▶ [Your goal]: Once you reach the line that contains "Spook up your", retype it and every line after it exactly, ending with the last line of the entries.

▶ [Dataset extract]:
^^^^^^^^^^^^^^^^

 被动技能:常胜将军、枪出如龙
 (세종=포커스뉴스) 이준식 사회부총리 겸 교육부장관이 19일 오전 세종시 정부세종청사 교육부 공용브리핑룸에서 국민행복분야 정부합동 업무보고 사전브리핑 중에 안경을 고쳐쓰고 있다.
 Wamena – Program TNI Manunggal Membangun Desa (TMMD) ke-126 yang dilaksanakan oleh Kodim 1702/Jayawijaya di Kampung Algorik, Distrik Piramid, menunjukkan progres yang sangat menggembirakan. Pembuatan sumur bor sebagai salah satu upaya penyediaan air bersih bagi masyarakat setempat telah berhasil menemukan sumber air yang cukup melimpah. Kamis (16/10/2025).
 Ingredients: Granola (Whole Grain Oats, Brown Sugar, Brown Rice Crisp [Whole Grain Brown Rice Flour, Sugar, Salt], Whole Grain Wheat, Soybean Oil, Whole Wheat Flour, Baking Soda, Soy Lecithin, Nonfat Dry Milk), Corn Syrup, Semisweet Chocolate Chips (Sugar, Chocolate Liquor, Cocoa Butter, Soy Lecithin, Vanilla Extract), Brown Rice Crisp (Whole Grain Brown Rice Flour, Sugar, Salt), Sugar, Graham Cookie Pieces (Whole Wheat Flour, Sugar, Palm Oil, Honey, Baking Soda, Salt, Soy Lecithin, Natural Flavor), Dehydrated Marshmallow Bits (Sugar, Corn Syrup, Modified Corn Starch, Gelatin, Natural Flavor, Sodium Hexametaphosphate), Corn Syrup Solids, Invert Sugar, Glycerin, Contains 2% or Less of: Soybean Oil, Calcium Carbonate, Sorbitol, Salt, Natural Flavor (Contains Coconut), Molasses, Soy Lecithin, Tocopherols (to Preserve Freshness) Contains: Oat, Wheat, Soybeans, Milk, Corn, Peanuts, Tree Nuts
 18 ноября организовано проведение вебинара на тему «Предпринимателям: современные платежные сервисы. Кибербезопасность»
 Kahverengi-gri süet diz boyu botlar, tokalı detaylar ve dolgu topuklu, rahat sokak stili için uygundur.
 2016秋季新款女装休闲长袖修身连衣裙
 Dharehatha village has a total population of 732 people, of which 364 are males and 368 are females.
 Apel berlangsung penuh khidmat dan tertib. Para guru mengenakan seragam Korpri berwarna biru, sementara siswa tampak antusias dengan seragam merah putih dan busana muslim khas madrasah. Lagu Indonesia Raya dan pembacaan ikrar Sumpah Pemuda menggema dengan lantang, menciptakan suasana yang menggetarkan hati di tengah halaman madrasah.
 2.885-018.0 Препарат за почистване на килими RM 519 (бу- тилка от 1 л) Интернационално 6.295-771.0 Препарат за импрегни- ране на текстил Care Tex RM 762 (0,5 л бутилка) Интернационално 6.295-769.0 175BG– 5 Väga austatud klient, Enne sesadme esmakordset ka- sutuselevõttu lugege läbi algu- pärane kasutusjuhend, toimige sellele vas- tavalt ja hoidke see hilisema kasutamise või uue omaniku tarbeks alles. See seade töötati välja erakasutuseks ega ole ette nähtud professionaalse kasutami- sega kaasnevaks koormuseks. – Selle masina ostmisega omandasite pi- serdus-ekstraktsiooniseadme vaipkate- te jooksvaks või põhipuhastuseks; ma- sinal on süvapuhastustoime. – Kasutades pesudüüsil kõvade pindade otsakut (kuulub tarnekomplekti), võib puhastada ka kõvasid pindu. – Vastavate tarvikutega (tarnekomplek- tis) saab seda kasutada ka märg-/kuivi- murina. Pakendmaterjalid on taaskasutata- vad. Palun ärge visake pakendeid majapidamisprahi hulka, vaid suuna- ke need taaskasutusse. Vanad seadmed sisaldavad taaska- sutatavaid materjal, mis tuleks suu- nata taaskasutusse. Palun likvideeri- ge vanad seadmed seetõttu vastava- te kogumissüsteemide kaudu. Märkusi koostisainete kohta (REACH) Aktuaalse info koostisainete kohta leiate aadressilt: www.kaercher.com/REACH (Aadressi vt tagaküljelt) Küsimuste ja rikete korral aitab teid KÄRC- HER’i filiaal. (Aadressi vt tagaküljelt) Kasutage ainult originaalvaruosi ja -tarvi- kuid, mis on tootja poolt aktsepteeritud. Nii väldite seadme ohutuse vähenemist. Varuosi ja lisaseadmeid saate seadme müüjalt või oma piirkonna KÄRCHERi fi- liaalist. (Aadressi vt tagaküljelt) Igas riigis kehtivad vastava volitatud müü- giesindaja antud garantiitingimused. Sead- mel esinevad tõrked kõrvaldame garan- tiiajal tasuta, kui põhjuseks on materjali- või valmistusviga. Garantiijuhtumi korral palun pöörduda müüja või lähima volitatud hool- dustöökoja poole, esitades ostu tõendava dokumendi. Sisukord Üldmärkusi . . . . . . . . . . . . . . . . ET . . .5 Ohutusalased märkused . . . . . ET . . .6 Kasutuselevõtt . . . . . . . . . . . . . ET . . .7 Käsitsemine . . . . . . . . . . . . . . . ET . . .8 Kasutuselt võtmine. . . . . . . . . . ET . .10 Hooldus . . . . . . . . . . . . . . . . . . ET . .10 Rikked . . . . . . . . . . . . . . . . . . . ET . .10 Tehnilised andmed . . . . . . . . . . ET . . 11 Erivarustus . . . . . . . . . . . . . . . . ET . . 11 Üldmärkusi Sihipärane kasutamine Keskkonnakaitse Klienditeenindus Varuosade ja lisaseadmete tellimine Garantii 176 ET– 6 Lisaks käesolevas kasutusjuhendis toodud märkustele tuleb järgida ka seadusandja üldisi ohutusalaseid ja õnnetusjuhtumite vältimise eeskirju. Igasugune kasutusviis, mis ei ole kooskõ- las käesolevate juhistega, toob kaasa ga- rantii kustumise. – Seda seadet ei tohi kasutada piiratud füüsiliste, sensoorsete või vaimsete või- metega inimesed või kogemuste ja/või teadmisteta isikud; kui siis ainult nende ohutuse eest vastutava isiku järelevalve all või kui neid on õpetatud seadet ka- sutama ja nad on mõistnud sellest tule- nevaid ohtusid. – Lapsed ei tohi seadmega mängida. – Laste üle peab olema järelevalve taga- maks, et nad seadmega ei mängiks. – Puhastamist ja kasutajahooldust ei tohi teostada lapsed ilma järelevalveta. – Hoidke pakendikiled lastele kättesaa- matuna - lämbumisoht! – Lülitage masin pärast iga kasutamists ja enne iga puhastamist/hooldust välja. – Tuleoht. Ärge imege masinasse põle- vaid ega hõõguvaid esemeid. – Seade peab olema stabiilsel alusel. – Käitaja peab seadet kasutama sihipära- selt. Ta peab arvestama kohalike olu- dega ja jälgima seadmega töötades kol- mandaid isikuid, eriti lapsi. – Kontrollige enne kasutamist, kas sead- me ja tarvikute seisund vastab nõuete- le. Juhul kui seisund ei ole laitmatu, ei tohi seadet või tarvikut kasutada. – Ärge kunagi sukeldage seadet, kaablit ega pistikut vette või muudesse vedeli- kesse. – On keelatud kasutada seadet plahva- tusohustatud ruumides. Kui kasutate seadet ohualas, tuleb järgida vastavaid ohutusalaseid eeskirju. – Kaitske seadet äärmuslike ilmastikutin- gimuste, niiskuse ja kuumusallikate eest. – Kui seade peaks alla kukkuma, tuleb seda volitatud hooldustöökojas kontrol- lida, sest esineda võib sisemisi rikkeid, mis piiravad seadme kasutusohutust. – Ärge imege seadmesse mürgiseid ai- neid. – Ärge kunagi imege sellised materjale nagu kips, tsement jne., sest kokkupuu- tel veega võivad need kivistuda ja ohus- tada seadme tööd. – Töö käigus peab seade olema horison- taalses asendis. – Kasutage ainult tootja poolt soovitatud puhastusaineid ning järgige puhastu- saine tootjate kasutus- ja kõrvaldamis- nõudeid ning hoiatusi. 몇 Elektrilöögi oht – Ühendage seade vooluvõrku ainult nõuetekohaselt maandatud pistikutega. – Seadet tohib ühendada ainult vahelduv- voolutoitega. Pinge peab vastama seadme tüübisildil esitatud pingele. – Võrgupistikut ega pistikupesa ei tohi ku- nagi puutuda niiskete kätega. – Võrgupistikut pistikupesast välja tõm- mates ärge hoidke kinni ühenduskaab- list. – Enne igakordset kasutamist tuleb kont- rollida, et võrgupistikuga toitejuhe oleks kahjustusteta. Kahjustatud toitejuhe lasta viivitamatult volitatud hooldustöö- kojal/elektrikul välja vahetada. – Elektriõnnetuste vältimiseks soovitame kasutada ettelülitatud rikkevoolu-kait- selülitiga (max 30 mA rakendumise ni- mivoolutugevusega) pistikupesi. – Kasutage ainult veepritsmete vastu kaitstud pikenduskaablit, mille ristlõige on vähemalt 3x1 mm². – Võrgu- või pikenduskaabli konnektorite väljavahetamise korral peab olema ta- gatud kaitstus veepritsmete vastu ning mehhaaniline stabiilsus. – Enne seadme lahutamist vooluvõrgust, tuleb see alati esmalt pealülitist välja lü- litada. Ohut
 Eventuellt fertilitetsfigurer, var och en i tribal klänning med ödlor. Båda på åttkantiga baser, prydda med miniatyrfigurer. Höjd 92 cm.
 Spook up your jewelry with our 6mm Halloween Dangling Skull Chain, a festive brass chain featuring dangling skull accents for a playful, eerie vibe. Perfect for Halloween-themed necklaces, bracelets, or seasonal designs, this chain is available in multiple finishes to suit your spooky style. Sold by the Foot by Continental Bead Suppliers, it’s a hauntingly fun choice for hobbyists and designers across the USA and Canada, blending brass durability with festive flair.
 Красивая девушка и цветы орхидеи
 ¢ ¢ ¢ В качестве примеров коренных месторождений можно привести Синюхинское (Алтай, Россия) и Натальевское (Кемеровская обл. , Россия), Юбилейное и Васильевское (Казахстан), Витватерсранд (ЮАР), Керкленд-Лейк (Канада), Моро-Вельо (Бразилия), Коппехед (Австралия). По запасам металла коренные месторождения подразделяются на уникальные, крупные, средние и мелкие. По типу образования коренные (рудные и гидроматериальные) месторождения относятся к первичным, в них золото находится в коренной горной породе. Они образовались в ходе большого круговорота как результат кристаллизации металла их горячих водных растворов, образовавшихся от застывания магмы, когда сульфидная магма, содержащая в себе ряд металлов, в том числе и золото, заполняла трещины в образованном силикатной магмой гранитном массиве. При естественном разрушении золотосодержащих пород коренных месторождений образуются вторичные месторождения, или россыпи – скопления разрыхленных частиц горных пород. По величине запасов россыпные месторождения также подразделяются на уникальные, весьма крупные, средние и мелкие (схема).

^^^^^^^^^^^^^^^^

▶ [Written answer]:
 Spook up your jewelry with our 6mm Halloween Dangling Skull Chain, a festive brass chain featuring dangling skull accents for a playful, eerie vibe. Perfect for Halloween-themed necklaces, bracelets, or seasonal designs, this chain is available in multiple finishes to suit your spooky style. Sold by the Foot by Continental Bead Suppliers, it’s a hauntingly fun choice for hobbyists and designers across the USA and Canada, blending brass durability with festive flair.
 Красивая девушка и цветы орхидеи
 ¢ ¢ ¢ В качестве примеров коренных месторождений можно привести Синюхинское (Алтай, Россия) и Натальевское (Кемеровская обл. , Россия), Юбилейное и Васильевское (Казахстан), Витватерсранд (ЮАР), Керкленд-Лейк (Канада), Моро-Вельо (Бразилия), Коппехед (Австралия). По запасам металла коренные месторождения подразделяются на уникальные, крупные, средние и мелкие. По типу образования коренные (рудные и гидроматериальные) месторождения относятся к первичным, в них золото находится в коренной горной породе. Они образовались в ходе большого круговорота как результат кристаллизации металла их горячих водных растворов, образовавшихся от застывания магмы, когда сульфидная магма, содержащая в себе ряд металлов, в том числе и золото, заполняла трещины в образованном силикатной магмой гранитном массиве. При естественном разрушении золотосодержащих пород коренных месторождений образуются вторичные месторождения, или россыпи – скопления разрыхленных частиц горных пород. По величине запасов россыпные месторождения также подразделяются на уникальные, весьма крупные, средние и мелкие (схема).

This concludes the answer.